The flaw in this book is the science. The writers uncritically accept the narrow medical view that addiction is primarily a brain disease, largely an outcome of genetic predisposition. Pond submits to a brain scan and is relieved to see that impulse regulation circuits in his cerebrum are impaired – this, to him, proves his earlier assertion that "I was born an alcoholic." He is unaware, as are the specialists he consults, that the human brain is a social organ influenced in its physiological development by the emotional environment: requiring what a seminal paper from the Harvard Center On The Developing Child termed "the mutual responsiveness of adult-child interactions."

The deficient dopamine incentive/reward pathways that all addicts share – be they substance users, gamblers, or compulsive shoppers – are depleted by trauma or stress in childhood and even by stress on the mother during pregnancy. As the authors do note, prolonged substance use will further damage the neurological pathways driving addiction. Thus the brain scan abnormalities of the adult reflect life experience; they are not the primary cause of addiction.

The human mind is not identical with the brain: in actuality, mental events shape the brain as much as brain formulates mind. The source of addiction is in the synergism of wounded mind and impaired brain.

Pond's father was a chronic alcoholic, oppressive, volatile and capricious. As an adolescent, Pond watched his father have drunken sex in their home with a strange woman while his mother was in hospital. "Hatred flares up from my gut, sears my brain," Pond recalls. Yet neither Pond (as psychotherapist) nor Pond (as alcoholic) perceives that it is the pain of childhood that, like all addicts, he has been compulsively re-enacting and running from all his life. The same pain also miswired his troubled brain circuits.

He inherited his addiction through the trauma inflicted on him and his siblings. Although predisposing genes may be involved, we must not confuse predisposition with predetermination; genes can be turned on or off by the environment. Even children born with predisposing genes have a greatly attenuated risk of addiction if brought up in emotionally nurturing homes. Large-scale population studies have identified childhood adversity as the most significant determinant of later dependence, as illustrated by the tragic and ongoing multigenerational harm residential schools perpetrated on our First Nations citizens.

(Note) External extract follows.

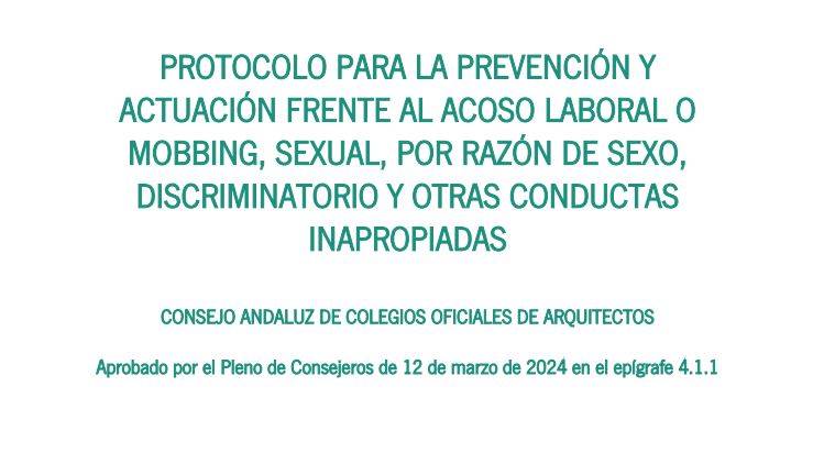 Hemos publicado en la sección de Transparencia en el apartado de información institucional, organización y gestión del CACOA el Protocolo para la prevención y actuación frente al acoso laboral o mobbing, sexual, por razón de sexo, discriminatorio y otras conductas inapropiadas que se aprobó por el Pleno de Consejeros de 12 de marzo de 2024.

Among the many deficiencies of the treatment industry, most grievous of all is the failure to recognize, address and heal the primal suffering at the very core of each addicted mind and soul. That the authors of this gripping and helpful work are also blind to the impact of trauma is an opportunity wasted.

Gabor Maté worked as an addiction physician in Vancouver's Downtown Eastside and is the author of In The Realm of Hungry Ghosts: Close Encounters With Addiction.